I'm working through Wheelock's with my sons. In the chapter on participles (Ch. 23, pg. 151 in the 6th revised edition), there is this practice sentence:

Illum oratorem in medio senatu iterum petentem finem bellorum ac scelerum non adiuvistis.

It strikes me that this could have been written with a relative clause:

Illum oratorem qui in medio senatu iterum finem bellorum ac scelerum petit non adiuvistis.

This makes me wonder whether there are any generalizations about when Latin speakers used relative clauses and when they used participles. (For the sake of clarity, let's say Classical Latin, but if there was diachronic development I would be interested in that as well.)

  • 1
    The relative pronoun would actually be qui here, since within the relative clause, it's the subject ("who sought an end").
    – TKR
    Commented Jan 28, 2022 at 1:17
  • Thank you; I fixed it.
    – adam.baker
    Commented Jan 28, 2022 at 5:50

2 Answers 2


To an extent, it is a matter of personal preference or style. Cicero used participles sparingly and preferred whole sentences, Caesar used them more frequently for his trademark compact style and peppered his writing with ablative absolutes.

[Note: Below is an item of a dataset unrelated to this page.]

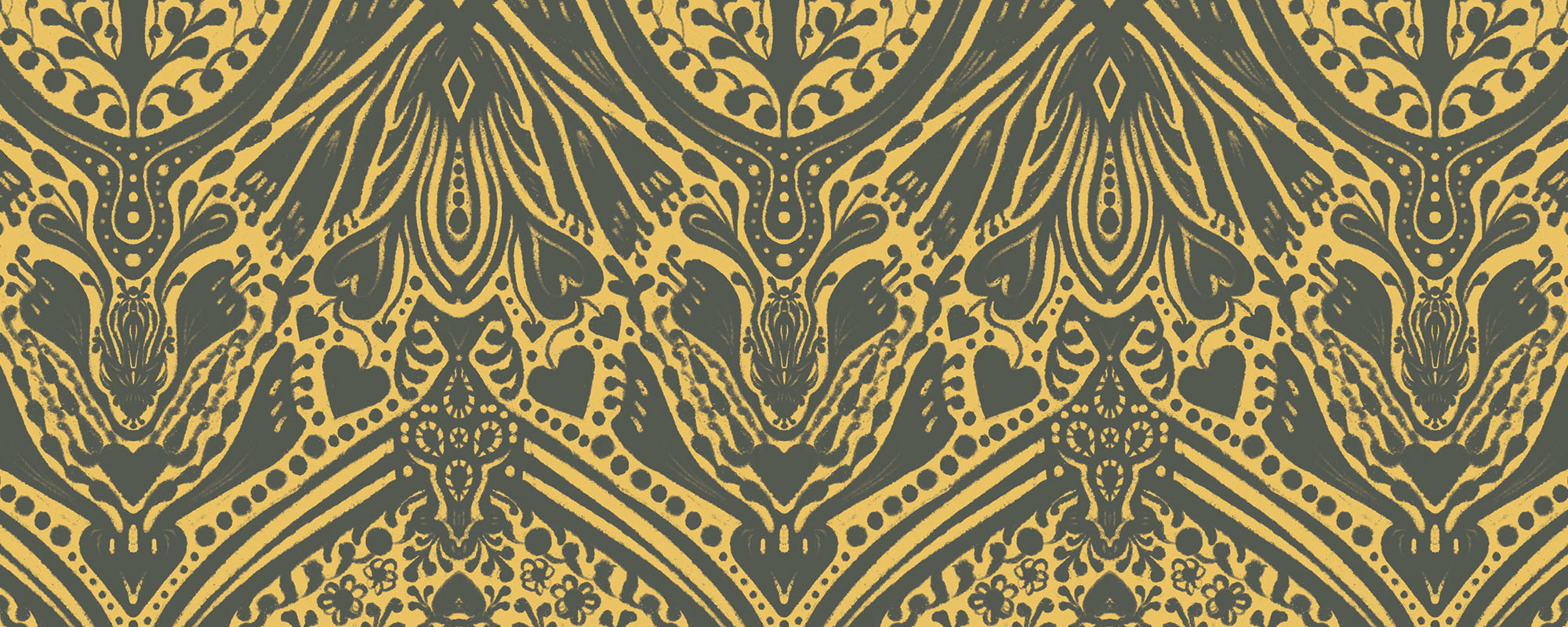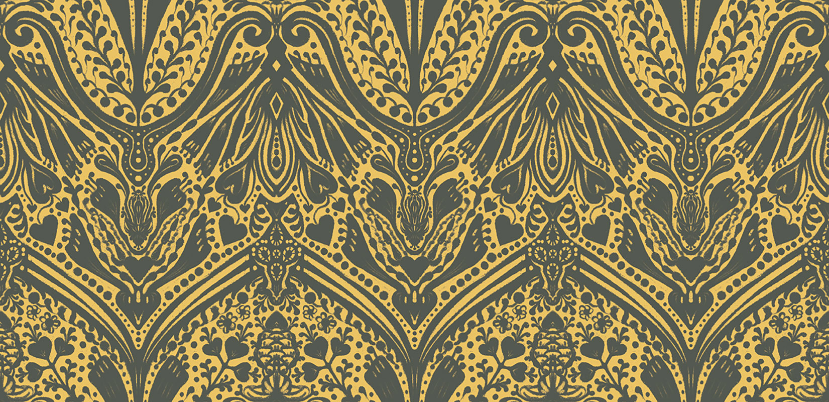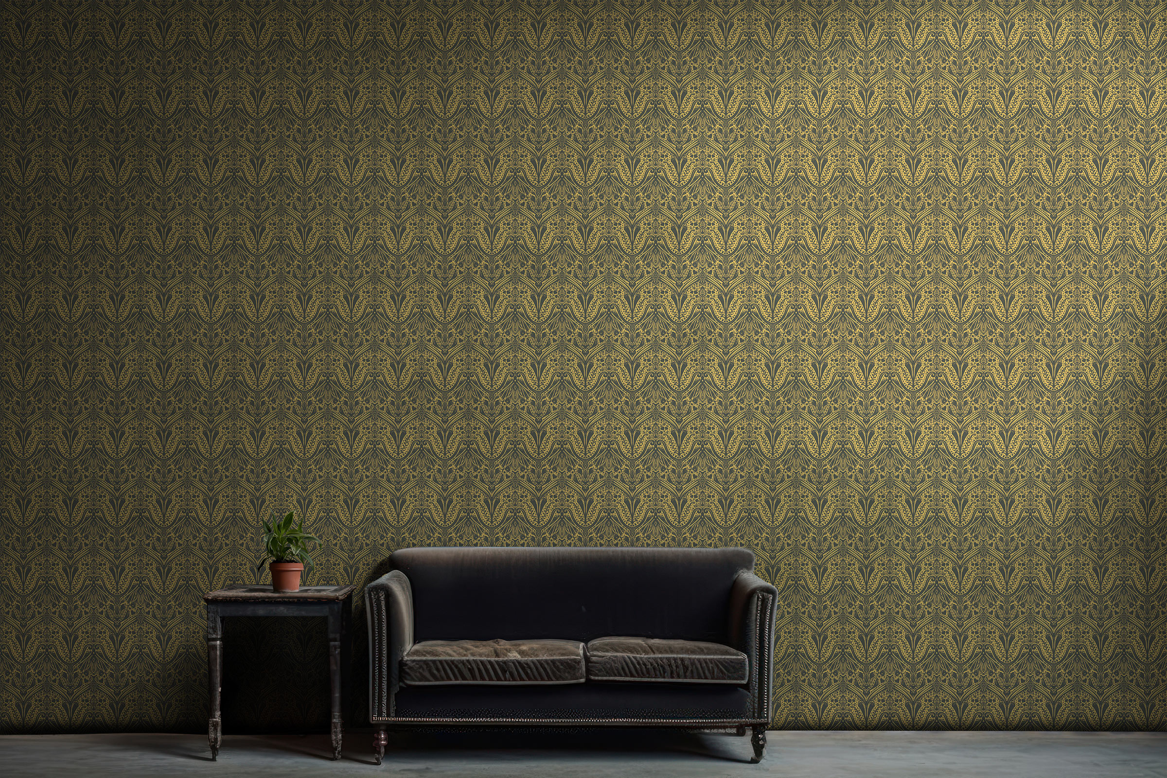 Ballroom Brocade celebrates the grandeur of the past while fitting seamlessly into contemporary homes. This mustard yellow wallpaper is for those who love tradition but aren’t afraid of bold color.
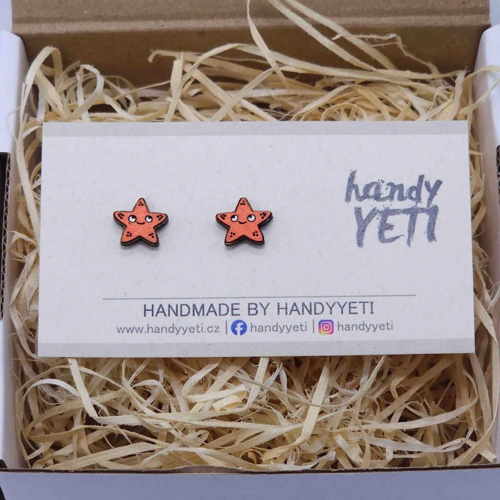 Dřevěné náušnice s motivem mořské hvězdy jsou vyrobené z bukového dřeva a ručně barvené do oranžového odstínu. Stylizovaný tvar hvězdy je jednoduchý, dobře čitelný a působí přirozeně a hravě.

Both were and are considered paragons of good Latin.

But are there any fixed rules? Yes, there are certain guidelines, but they are somewhat vague and not consistently adhered to even in antiquity, let alone in later periods.

However, according to Johann Philipp Krebs it is considered good classical style to follow these rules:

  • A relative clause should be used when the idea is to identify or specify the thing/person we are talking about.
  • A relative clause should also be used when expressing an inherent, permanent property of the thing or person.
  • A relative clause should be used when the preceding noun is accompanied by a numeral.

So if it's not clear which speaker we are talking about, and we want to identify him by reminding our readers of his petition for peace, we say:

Illum oratorem, qui finem bellorum petivit, non adiuvistis.

Slightly exaggerated English translation: “That speaker who was asking for an end to the wars – you didn't help him.”

But if we want to narrate the story of how someone asked for peace and got no help, we can say:

Illum oratorem petentem finem bellorum non adiuvistis.

Again, a somewhat exaggerated translation: "When that speaker was asking for an end to the wars, you didn't help him." But note, it is my understanding that nobody would object to a relative clause here either.

Likewise, we should say:

Flumen est Arar, quod in Rhodanum influit.

(There's a river called Arar that flows into the Rhodanum; Krebs' example from Caesar for an inherent permanent property.)


Duos oratores, qui finem bellorum petiverunt, non adiuvistis.

(Example for a numeral.)


Either approach does work; however, the tense of petet is future, which is quite unlikely as an equivalent of petentem. You probably meant petit, which is present tense.

The tense of "petentem" is vague and could easily refer to something in the past contemporaneous with the tense of adiuvistis, but just might refer to the present tense of the conversation itself. Rather than petit, the fuller translation would have used the imperfect petebat to indicate something contemporaneous with non adiuvistis or the pluperfect petiverat to indicate something prior to non adiuvistis.

I think using the participle is slightly better in linking the help to the purpose of the orator, since the construction is more compact. Using the relative pronoun is slightly better in merely identifying which orator is being discussed. In general, Latin has a greater love of participles than English.

  • 1
    And Greek an even greater love of participles than Latin.